La guerre commerciale entre les Etats-Unis et la Chine, l'image des Gafa, les impôts, la baisse des ventes de l'iPhone, la guerre du streaming… De passage à Paris, Tim Cook, le président-directeur général d'Apple, se livre aux « Echos ».

Tim Cook, le président-directeur général d'Apple.
Tim Cook, le président-directeur général d'Apple. (Brooks Kraft)

Par Fabienne Schmitt, Nicolas Barré, David Barroux, Sébastien Dumoulin, Lucie Robequain

Publié le 4 oct. 2019 à 06:00Mis à jour le 4 oct. 2019 à 11:20

Donald Trump a-t-il raison d'engager le bras de fer avec la Chine ?

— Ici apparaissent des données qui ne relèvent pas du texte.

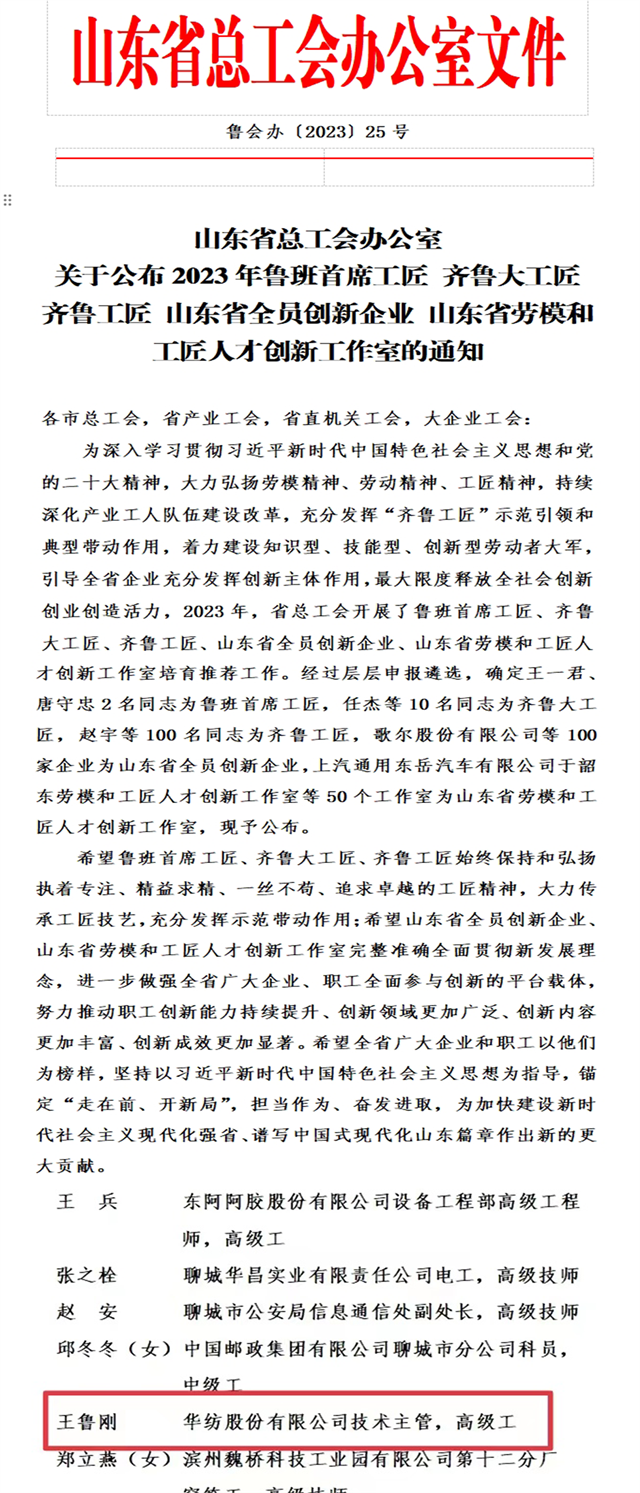 導(dǎo)讀:近日,省總工會(huì)下發(fā)通知,公布了多項(xiàng)獲獎(jiǎng)名單,其中,公司面料車間技術(shù)主管、高級工王魯剛榮獲第六屆“齊魯工匠”稱號(hào)。

Il faut reconnaître qu'il soulève de vraies questions sur l'accès au marché, les déséquilibres commerciaux, la concurrence et la protection de la propriété intellectuelle. Je pense qu'il va y avoir un accord commercial avec la Chine. J'espère qu'à terme, chaque pays renoncera à la hausse des droits de douane. Il faut que nos deux pays y gagnent, sans quoi le monde y perdra. Quand les Etats-Unis ou la Chine s'enrhument, le reste du monde est sous respiration artificielle.

Quelles sont vos relations avec le président américain ?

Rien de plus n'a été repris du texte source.